Personal information
- Full name: Michael Pitman
- Born: Sydney, New South Wales, Australia

Playing information
- Position: Second-row, Lock
Club
| Years | Team | Pld | T | G | FG | P |
| 1980–82 | Newtown Jets | 61 | 8 | 0 | 0 | 24 |
| 1983 | Canterbury Bulldogs | 19 | 0 | 0 | 0 | 0 |
|  | Total | 80 | 8 | 0 | 0 | 24 |
- Source: As of 4 June 2019

= Michael Pitman (rugby league) =

Australian rugby league footballer

Michael Pitman is an Australian former rugby league footballer who played in the 1980s. He played for the Newtown Jets and Canterbury-Bankstown in the New South Wales Rugby League (NSWRL) competition.

==Background==
Pitman was born in Sydney, New South Wales, Australia and is the son of Tom Pitman who played for Newtown in the 1940s and 1950s.

==Playing career==
Pitman made his first grade debut for Newtown in Round 1 1980 against Canterbury-Bankstown at Henson Park in which Pitman was sent from the field for a professional foul. Under the coaching of Warren Ryan, Newtown went from a struggling team to title contenders and in 1981 finished second on the table. Newtown would go on to reach the 1981 NSWRL grand final against Parramatta. Pitman played at prop in the match as Newtown trailed Parramatta 7–6 at halftime before Parramatta came home in the second half to win 20-11 and claim their first premiership at the Sydney Cricket Ground.

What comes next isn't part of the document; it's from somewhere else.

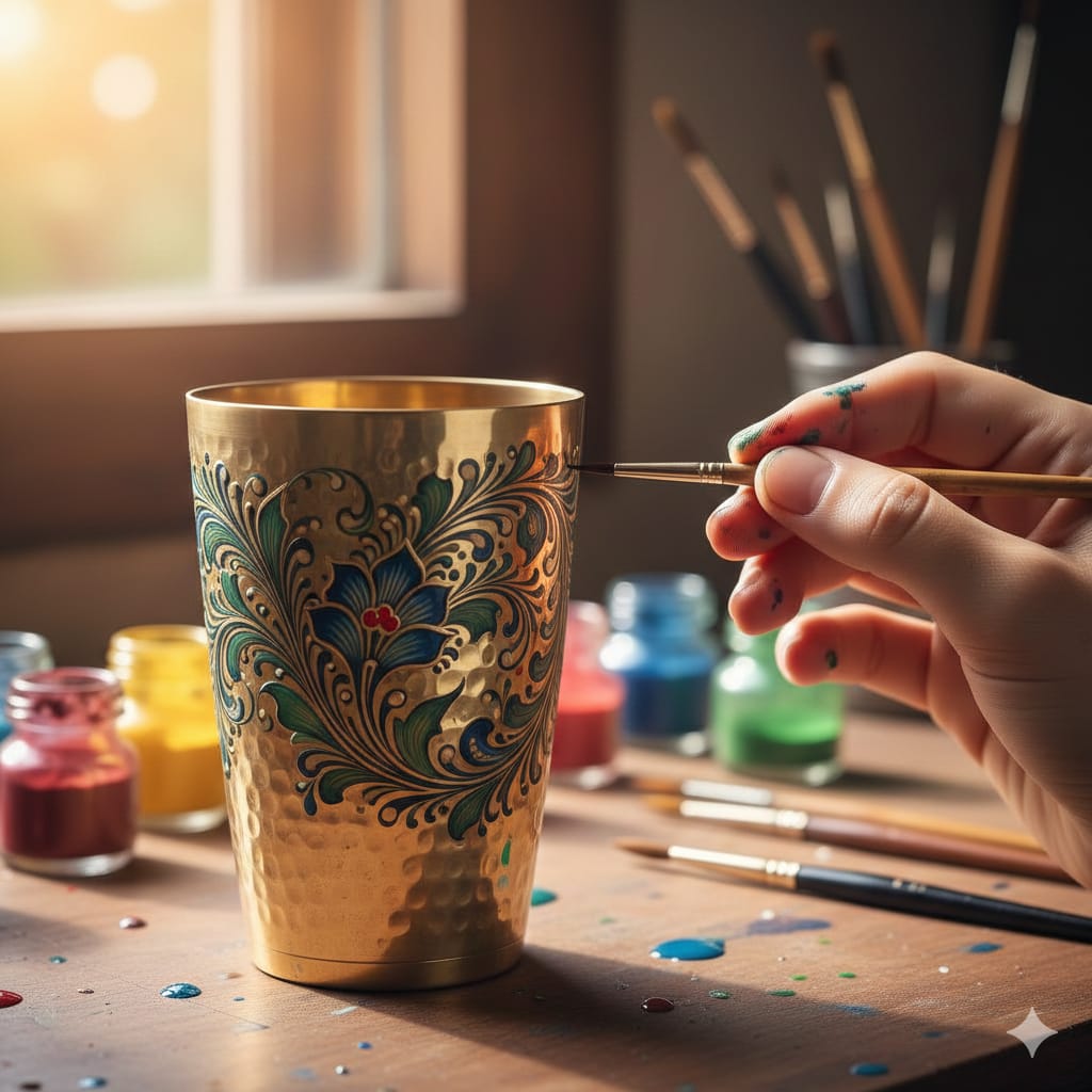 Elevate your daily hydration ritual with a touch of heritage. Each of our brass glasses is a canvas, individually hand-painted by skilled artisans using vibrant, non-toxic enamel. Featuring intricate [Insert Pattern, e.g., Mughal floral/Mandala] designs, no two pieces are exactly alike. Beyond its beauty, drinking from brass (an alloy of copper and zinc) has been a cornerstone of Ayurvedic wellness for centuries. These glasses aren't just drinkware; they are functional pieces of art that bring a regal, bohemian soul to your dining table.

The following season, Newtown were unable to replicate their form of 1981 and the club failed to reach the finals. In Round 5 of the 1982 season, Pitman was in the Newtown side which played in the lowest scoring game in NSWRL premiership history as they drew 0–0 with Canterbury at Henson Park. Pitman then departed Newtown at the end of 1982 and signed with Canterbury. Pitman played one season for Canterbury making 19 appearances and was part of the side which reached the 1983 preliminary final but lost to Parramatta 18–4.

Pitman then signed on with Lakes United in the Newcastle competition as captain-coach. Pitman later coached Griffith black and whites, now known as Griffith black and whites panthers.
After leaving Canterbury in 1984 he captained/coached Kurri Kurri Bulldogs.